---- DATA PROVIDED
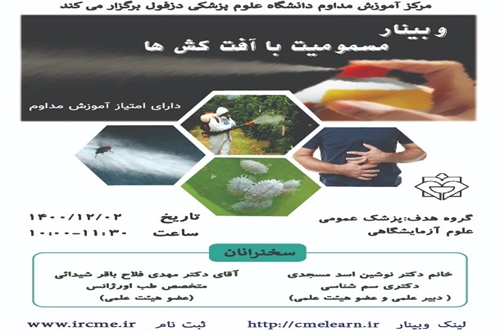 وبینار مسمومیت با آفت کش ها وبینار مسمومیت با آفت کش ها مورخ 1400/12/03 برگزار می گردد. ثبت نام در سامانه آموزش مداوم گروه خبری : اطلاعیه ها کد خبر : 12092 کلمات کلیدی
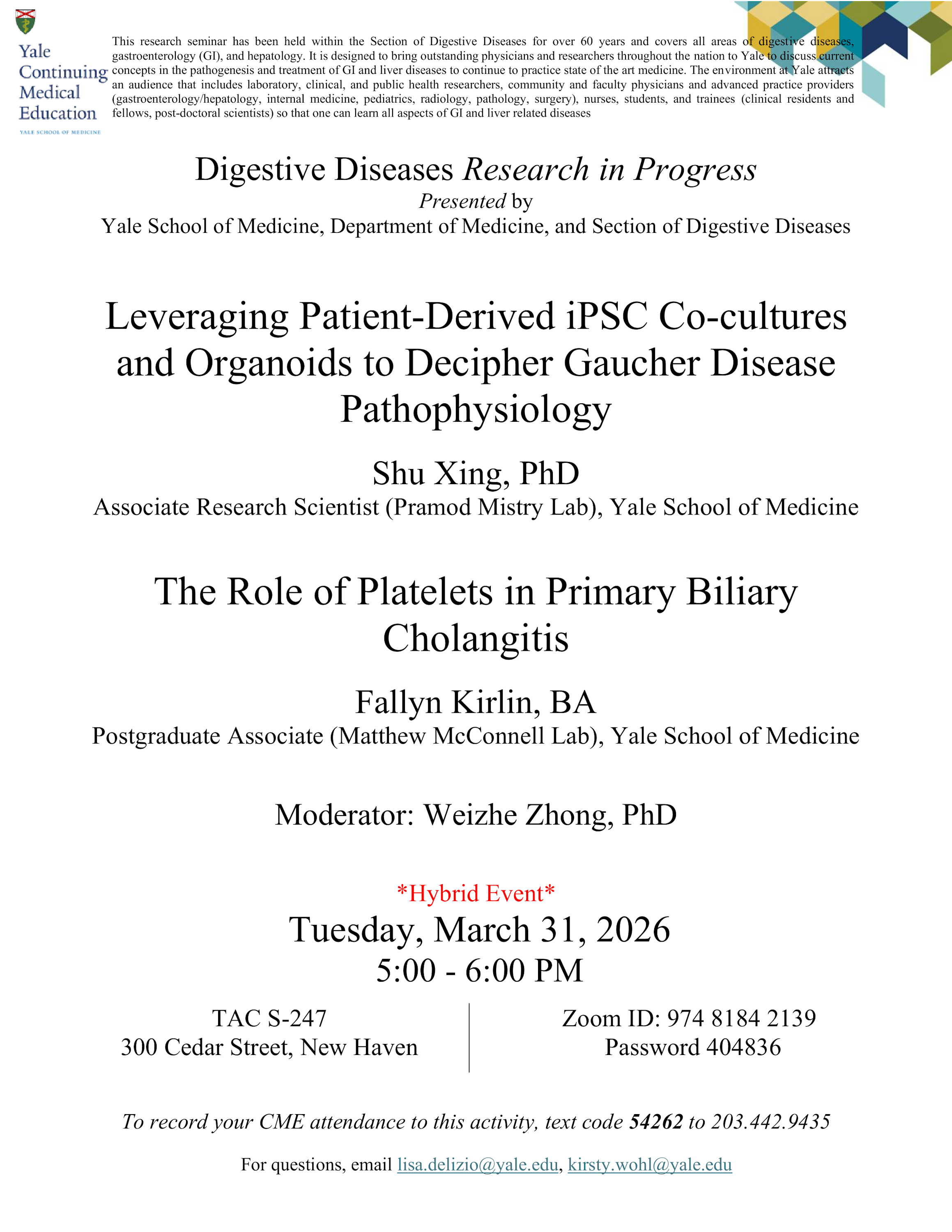 1. Leveraging Patient-Derived iPSC Co-cultures and Organoids to Decipher Gaucher Disease Pathophysiology 2.The Role of Platelets in Primary Biliary Cholangitis
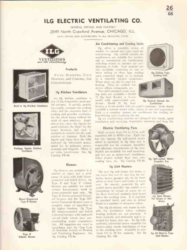 ILG Electric Ventilating Company 1940 Vintage Catalog Fan Kitchen Odor
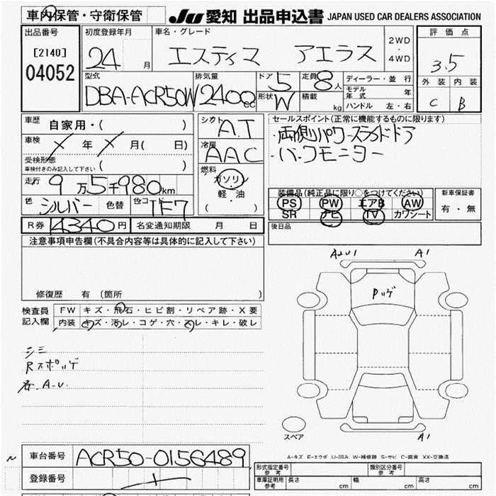 TOYOTA ESTIMA 2012 г., лот № 4052
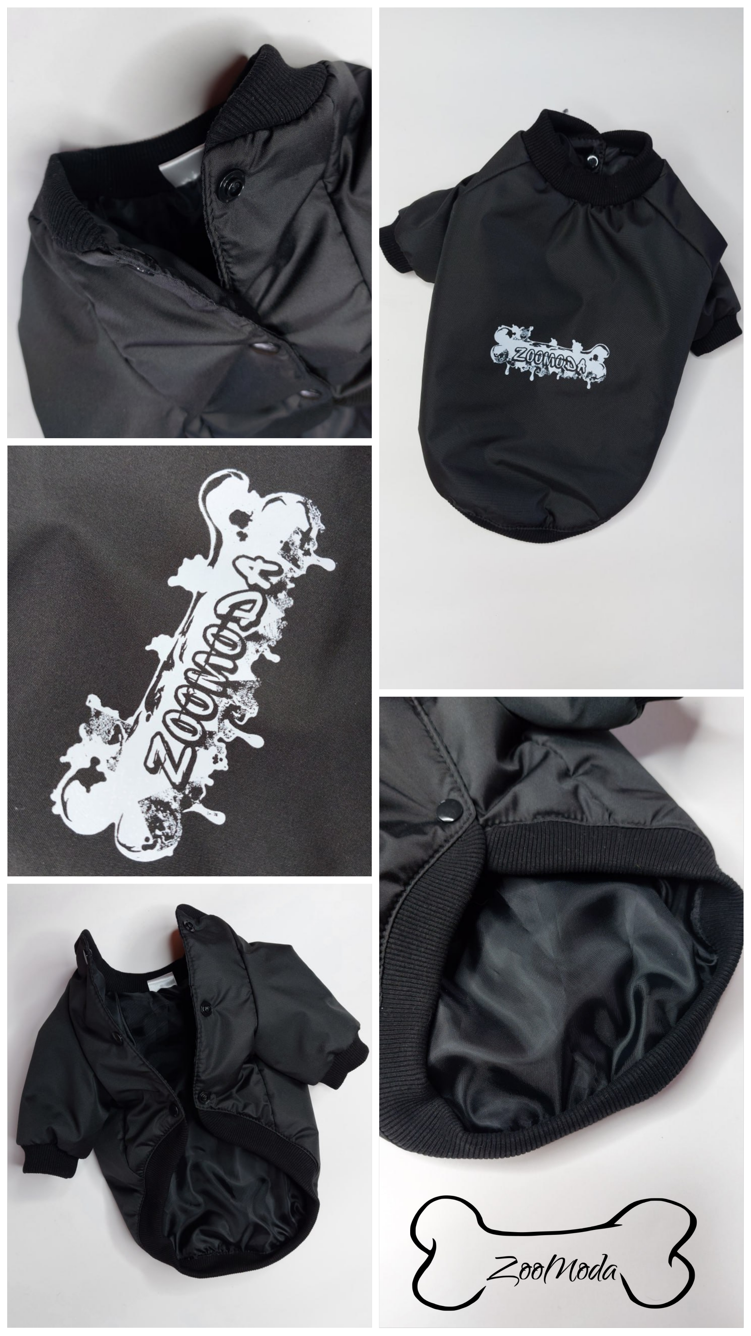Выполнен в черном цвете из легкой и прочной ткани, бомбер дополнен эффектным белым принтом в виде косточки с логотипом "ZooModa" на спине. Внутренняя подкладка из гладкого материала обеспечивает комфорт, а манжеты на рукавах и воротнике выполнены из мягкой резинки для плотного прилегания. Застегивается на удобные кнопки, что делает его практичным и простым в использовании.
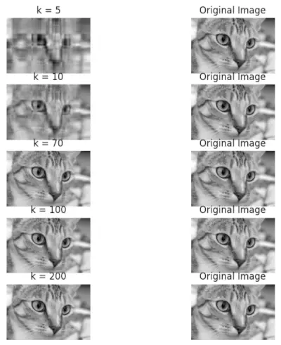 # Imports> from> skimage.color> import> rgb2gray> from> skimage> import> data> import> matplotlib.pyplot as plt> import> numpy as np> from> scipy.linalg> import> svd> '''> Singular Value Decomposition> '''> # define a matrix> X> => np.array([[> 3> ,> 3> ,> 2> ], [> 2> ,> 3> ,> -> 2> ]])> print> (X)> # perform SVD> U, singular, V_transpose> => svd(X)> # print different components> print> (> 'U: '> , U)> print> (> 'Singular array'> , singular)> print> (> 'V^{T}'> , V_transpose)> '''> Calculate Pseudo inverse> '''> # inverse of singular matrix is just the reciprocal of each element> singular_inv> => 1.0> /> singular> # create m x n matrix of zeroes and put singular values in it> s_inv> => np.zeros(X.shape)> s_inv[> 0> ][> 0> ]> => singular_inv[> 0> ]> s_inv[> 1> ][> 1> ]> => singular_inv[> 1> ]> # calculate pseudoinverse> M> => np.dot(np.dot(V_transpose.T, s_inv.T), U.T)> print> (M)> '''> SVD on image compression> '''> cat> => data.chelsea()> plt.imshow(cat)> # convert to grayscale> gray_cat> => rgb2gray(cat)> # calculate the SVD and plot the image> U, S, V_T> => svd(gray_cat, full_matrices> => False> )> S> => np.diag(S)> fig, ax> => plt.subplots(> 5> ,> 2> , figsize> => (> 8> ,> 20> ))> curr_fig> => 0> for> r> in> [> 5> ,> 10> ,> 70> ,> 100> ,> 200> ]:> > cat_approx> => U[:, :r] @ S[> 0> :r, :r] @ V_T[:r, :]> > ax[curr_fig][> 0> ].imshow(cat_approx, cmap> => 'gray'> )> > ax[curr_fig][> 0> ].set_title(> 'k = '> +> str> (r))> > ax[curr_fig,> 0> ].axis(> 'off'> )> > ax[curr_fig][> 1> ].set_title(> 'Original Image'> )> > ax[curr_fig][> 1> ].imshow(gray_cat, cmap> => 'gray'> )> > ax[curr_fig,> 1> ].axis(> 'off'> )> > curr_fig> +> => 1> plt.show()> |
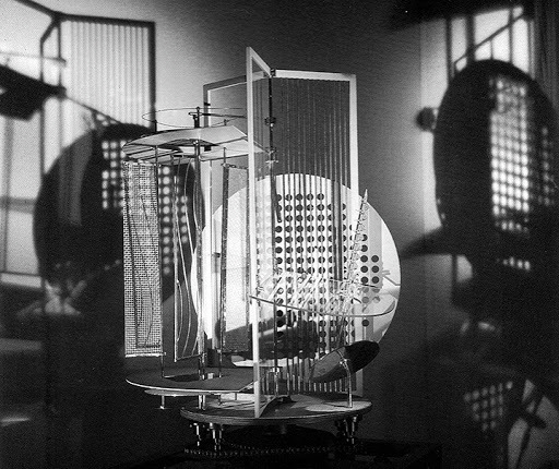 헝가리의 화가이자 사진작기인 라즐로 모홀리-나기(1895~1946)는 예술을 수학적이고 과학적인 영역으로 끌어내고자 했다. 과학이 많은 것을 해결해줄 것이라고 믿었던 시대의 일원인 그는 새로운 기술을 모르는 것은 시각적 문맹과 다를 바 없다고 보았다. 빛을 물감을 대체할 새로운 예술매체라고 생각한 그는 8년간의 실험 끝에 일종의 움직이는 조각 작품 <빛-공간 변조기>를 발표하였다. 구멍이 잔뜩 뚫린 크고 작은 원판들, 수직으로 떨어지는 줄, 망, 선 끝에 매달린 작은 공 등이 어우러져 계속 움직일 때, 빛은 끊임없이 오브제의 틈을 통과하고, 부딪히면서 또 다른 빛과 그림자를 만든다. 작가는 ‘빛 투사기-흑색, 백색, 회색’이라는 기록영화에 ‘빛-공간 변조기’의 작동 장면을 담았다.
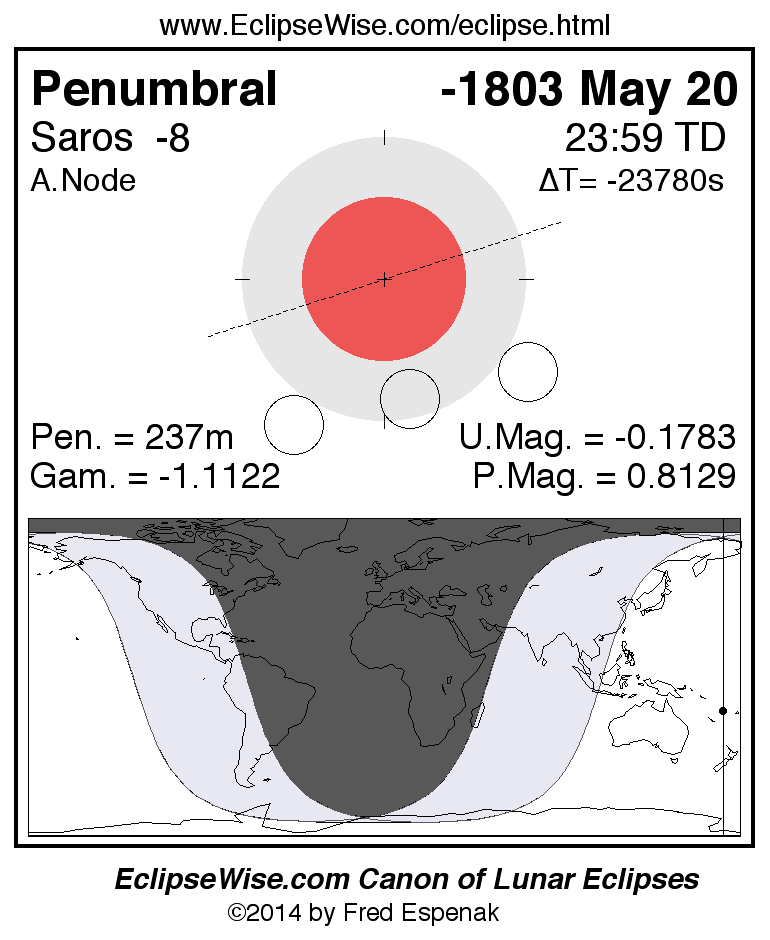 Another lunar eclipse occurs one synodic month after the -1803 May 20 eclipse. It is the penumbral lunar eclipse of -1803 Jun 19.
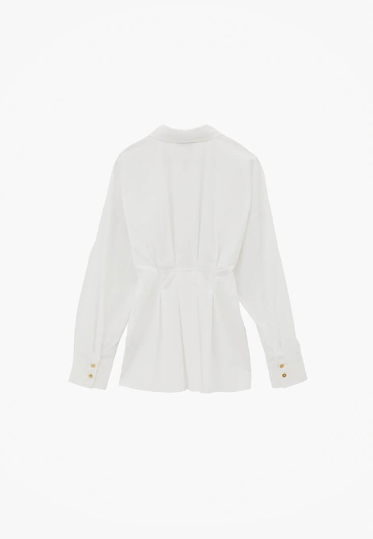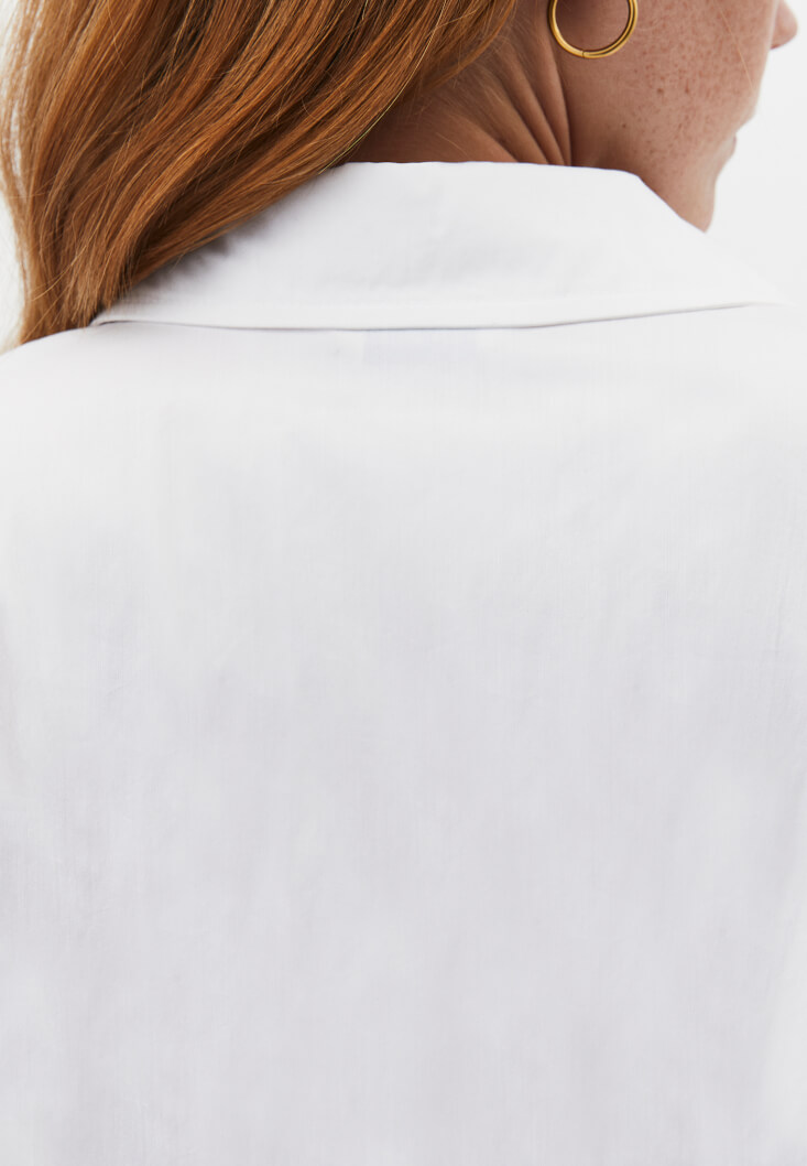 Beyaz Pile Detaylı Gömlek
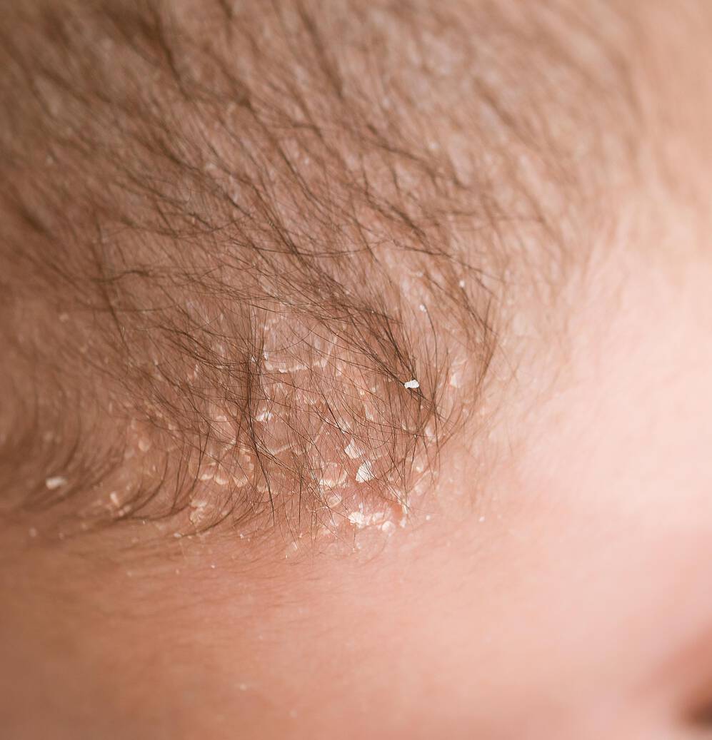 Sachez également qu’il existe une forme particulière d’eczéma qui tend à se développer principalement sur le cuir chevelu : la dermite séborrhéique ou dermatite séborrhéique. Si ses origines exactes demeurent floues, elles sont liées à une prolifération de Malassezia, une levure naturellement présente dans la peau. Le stress, les variations hormonales, la prise de certains médicaments et les températures ambiantes très froides sont autant de déclencheurs fréquents de dermite séborrhéique1.
--------
TASK INSTRUCTIONS: An exact copy of every record above is needed, with all pictures left out.

EXERCISE SOLUTION:
 وبینار مسمومیت با آفت کش ها وبینار مسمومیت با آفت کش ها مورخ 1400/12/03 برگزار می گردد. ثبت نام در سامانه آموزش مداوم گروه خبری : اطلاعیه ها کد خبر : 12092 کلمات کلیدی
 1. Leveraging Patient-Derived iPSC Co-cultures and Organoids to Decipher Gaucher Disease Pathophysiology 2.The Role of Platelets in Primary Biliary Cholangitis
 ILG Electric Ventilating Company 1940 Vintage Catalog Fan Kitchen Odor
 TOYOTA ESTIMA 2012 г., лот № 4052
Выполнен в черном цвете из легкой и прочной ткани, бомбер дополнен эффектным белым принтом в виде косточки с логотипом "ZooModa" на спине. Внутренняя подкладка из гладкого материала обеспечивает комфорт, а манжеты на рукавах и воротнике выполнены из мягкой резинки для плотного прилегания. Застегивается на удобные кнопки, что делает его практичным и простым в использовании.
 # Imports> from> skimage.color> import> rgb2gray> from> skimage> import> data> import> matplotlib.pyplot as plt> import> numpy as np> from> scipy.linalg> import> svd> '''> Singular Value Decomposition> '''> # define a matrix> X> => np.array([[> 3> ,> 3> ,> 2> ], [> 2> ,> 3> ,> -> 2> ]])> print> (X)> # perform SVD> U, singular, V_transpose> => svd(X)> # print different components> print> (> 'U: '> , U)> print> (> 'Singular array'> , singular)> print> (> 'V^{T}'> , V_transpose)> '''> Calculate Pseudo inverse> '''> # inverse of singular matrix is just the reciprocal of each element> singular_inv> => 1.0> /> singular> # create m x n matrix of zeroes and put singular values in it> s_inv> => np.zeros(X.shape)> s_inv[> 0> ][> 0> ]> => singular_inv[> 0> ]> s_inv[> 1> ][> 1> ]> => singular_inv[> 1> ]> # calculate pseudoinverse> M> => np.dot(np.dot(V_transpose.T, s_inv.T), U.T)> print> (M)> '''> SVD on image compression> '''> cat> => data.chelsea()> plt.imshow(cat)> # convert to grayscale> gray_cat> => rgb2gray(cat)> # calculate the SVD and plot the image> U, S, V_T> => svd(gray_cat, full_matrices> => False> )> S> => np.diag(S)> fig, ax> => plt.subplots(> 5> ,> 2> , figsize> => (> 8> ,> 20> ))> curr_fig> => 0> for> r> in> [> 5> ,> 10> ,> 70> ,> 100> ,> 200> ]:> > cat_approx> => U[:, :r] @ S[> 0> :r, :r] @ V_T[:r, :]> > ax[curr_fig][> 0> ].imshow(cat_approx, cmap> => 'gray'> )> > ax[curr_fig][> 0> ].set_title(> 'k = '> +> str> (r))> > ax[curr_fig,> 0> ].axis(> 'off'> )> > ax[curr_fig][> 1> ].set_title(> 'Original Image'> )> > ax[curr_fig][> 1> ].imshow(gray_cat, cmap> => 'gray'> )> > ax[curr_fig,> 1> ].axis(> 'off'> )> > curr_fig> +> => 1> plt.show()> |
 헝가리의 화가이자 사진작기인 라즐로 모홀리-나기(1895~1946)는 예술을 수학적이고 과학적인 영역으로 끌어내고자 했다. 과학이 많은 것을 해결해줄 것이라고 믿었던 시대의 일원인 그는 새로운 기술을 모르는 것은 시각적 문맹과 다를 바 없다고 보았다. 빛을 물감을 대체할 새로운 예술매체라고 생각한 그는 8년간의 실험 끝에 일종의 움직이는 조각 작품 <빛-공간 변조기>를 발표하였다. 구멍이 잔뜩 뚫린 크고 작은 원판들, 수직으로 떨어지는 줄, 망, 선 끝에 매달린 작은 공 등이 어우러져 계속 움직일 때, 빛은 끊임없이 오브제의 틈을 통과하고, 부딪히면서 또 다른 빛과 그림자를 만든다. 작가는 ‘빛 투사기-흑색, 백색, 회색’이라는 기록영화에 ‘빛-공간 변조기’의 작동 장면을 담았다.
 Another lunar eclipse occurs one synodic month after the -1803 May 20 eclipse. It is the penumbral lunar eclipse of -1803 Jun 19.
 Beyaz Pile Detaylı Gömlek
 Sachez également qu’il existe une forme particulière d’eczéma qui tend à se développer principalement sur le cuir chevelu : la dermite séborrhéique ou dermatite séborrhéique. Si ses origines exactes demeurent floues, elles sont liées à une prolifération de Malassezia, une levure naturellement présente dans la peau. Le stress, les variations hormonales, la prise de certains médicaments et les températures ambiantes très froides sont autant de déclencheurs fréquents de dermite séborrhéique1.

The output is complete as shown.